START RECORDED DATA

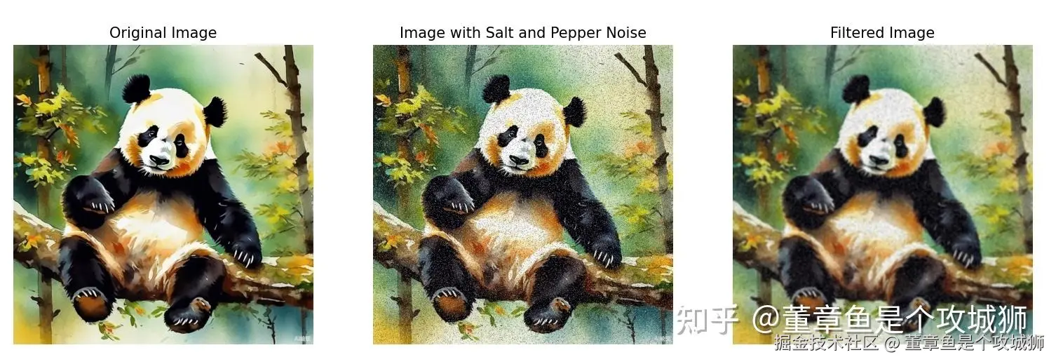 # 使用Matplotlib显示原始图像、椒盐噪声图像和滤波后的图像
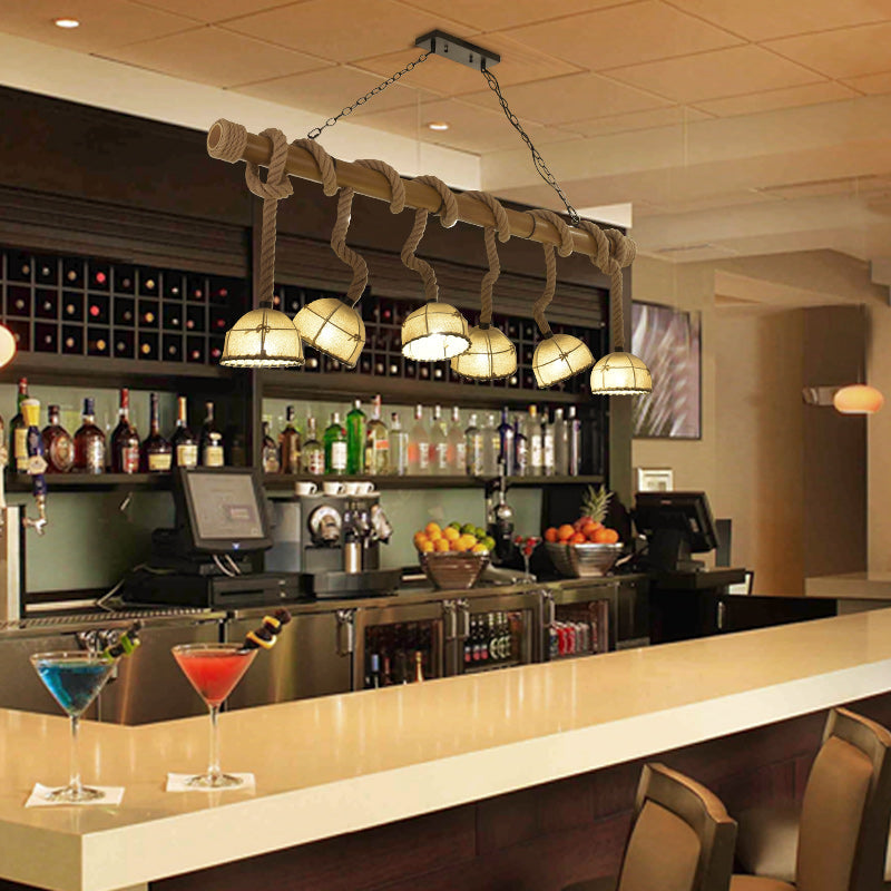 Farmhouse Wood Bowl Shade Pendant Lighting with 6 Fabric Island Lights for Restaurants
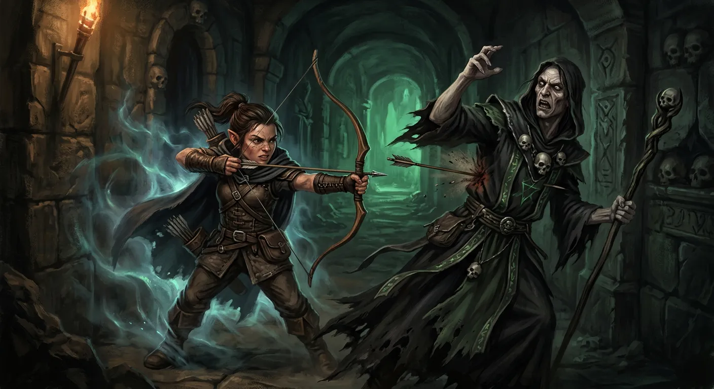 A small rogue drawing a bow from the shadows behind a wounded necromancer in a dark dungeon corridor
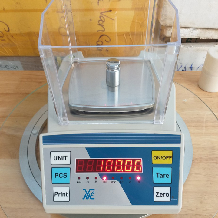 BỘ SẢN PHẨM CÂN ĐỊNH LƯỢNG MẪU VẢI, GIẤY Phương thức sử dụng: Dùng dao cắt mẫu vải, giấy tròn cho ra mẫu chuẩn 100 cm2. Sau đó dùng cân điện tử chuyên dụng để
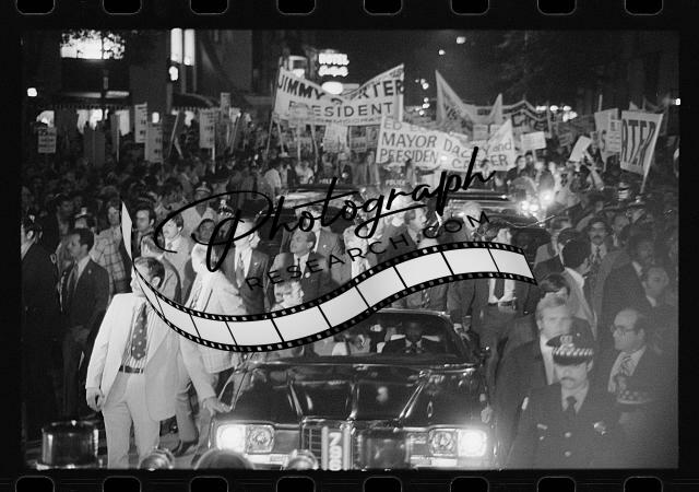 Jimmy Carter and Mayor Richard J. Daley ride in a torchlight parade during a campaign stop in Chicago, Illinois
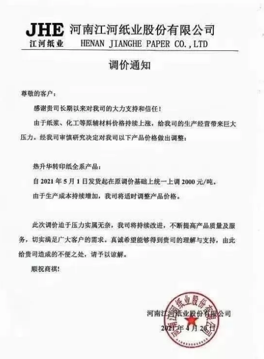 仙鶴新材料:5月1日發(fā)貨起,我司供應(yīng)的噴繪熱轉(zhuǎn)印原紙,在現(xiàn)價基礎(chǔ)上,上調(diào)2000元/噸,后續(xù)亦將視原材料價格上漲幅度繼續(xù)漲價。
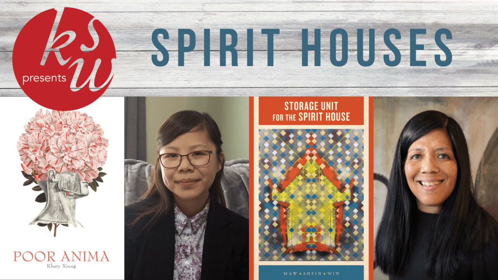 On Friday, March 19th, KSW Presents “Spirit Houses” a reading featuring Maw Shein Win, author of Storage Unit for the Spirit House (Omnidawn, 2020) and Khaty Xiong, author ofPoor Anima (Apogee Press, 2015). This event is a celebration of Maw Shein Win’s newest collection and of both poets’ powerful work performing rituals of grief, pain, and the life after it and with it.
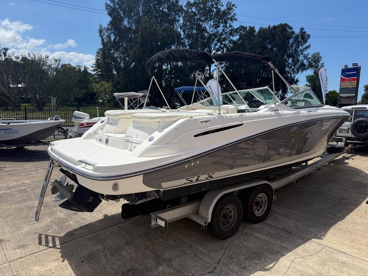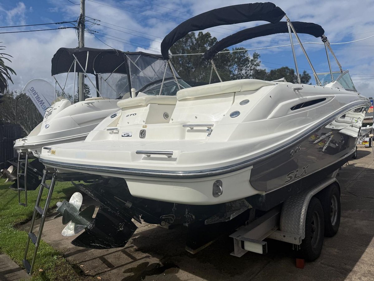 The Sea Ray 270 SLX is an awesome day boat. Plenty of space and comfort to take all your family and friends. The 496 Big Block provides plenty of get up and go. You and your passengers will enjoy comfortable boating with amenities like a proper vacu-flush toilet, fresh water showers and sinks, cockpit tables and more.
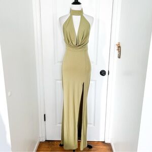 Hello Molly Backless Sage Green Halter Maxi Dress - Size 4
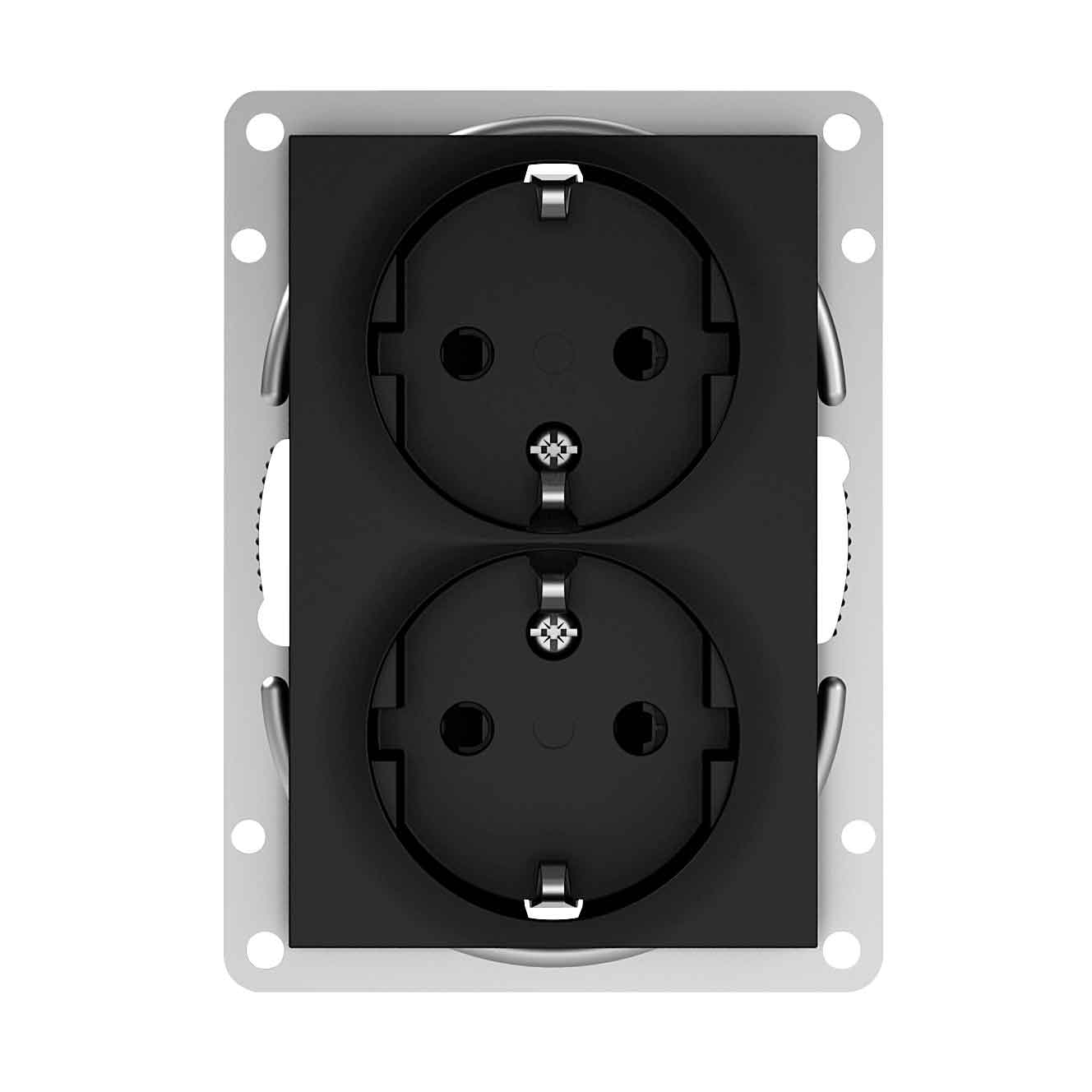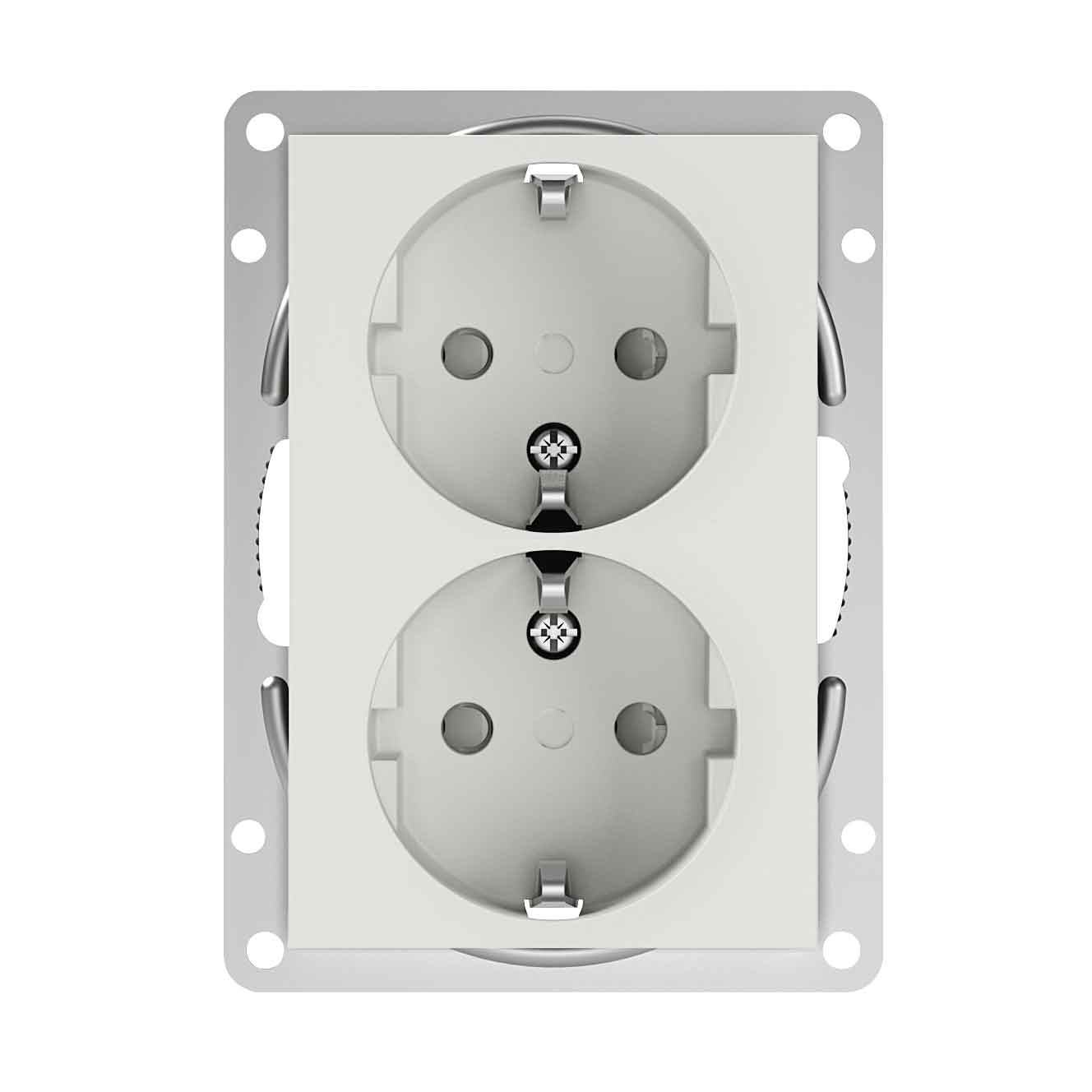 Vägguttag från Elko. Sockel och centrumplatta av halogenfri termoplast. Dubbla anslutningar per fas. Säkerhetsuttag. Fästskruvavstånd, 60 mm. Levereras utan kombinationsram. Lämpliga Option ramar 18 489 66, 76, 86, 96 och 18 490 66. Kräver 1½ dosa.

END RECORDED DATA

PROBLEM TO SOLVE: For this exercise, set down the lines in the entries above from the one with "Farmhouse Wood Bowl" through the one with "Hello Molly Backless" exactly as written, without any pictures.

RESPONSE:
 Farmhouse Wood Bowl Shade Pendant Lighting with 6 Fabric Island Lights for Restaurants
 A small rogue drawing a bow from the shadows behind a wounded necromancer in a dark dungeon corridor
 BỘ SẢN PHẨM CÂN ĐỊNH LƯỢNG MẪU VẢI, GIẤY Phương thức sử dụng: Dùng dao cắt mẫu vải, giấy tròn cho ra mẫu chuẩn 100 cm2. Sau đó dùng cân điện tử chuyên dụng để
 Jimmy Carter and Mayor Richard J. Daley ride in a torchlight parade during a campaign stop in Chicago, Illinois
 仙鶴新材料:5月1日發(fā)貨起,我司供應(yīng)的噴繪熱轉(zhuǎn)印原紙,在現(xiàn)價基礎(chǔ)上,上調(diào)2000元/噸,后續(xù)亦將視原材料價格上漲幅度繼續(xù)漲價。
 On Friday, March 19th, KSW Presents “Spirit Houses” a reading featuring Maw Shein Win, author of Storage Unit for the Spirit House (Omnidawn, 2020) and Khaty Xiong, author ofPoor Anima (Apogee Press, 2015). This event is a celebration of Maw Shein Win’s newest collection and of both poets’ powerful work performing rituals of grief, pain, and the life after it and with it.
 The Sea Ray 270 SLX is an awesome day boat. Plenty of space and comfort to take all your family and friends. The 496 Big Block provides plenty of get up and go. You and your passengers will enjoy comfortable boating with amenities like a proper vacu-flush toilet, fresh water showers and sinks, cockpit tables and more.
 Hello Molly Backless Sage Green Halter Maxi Dress - Size 4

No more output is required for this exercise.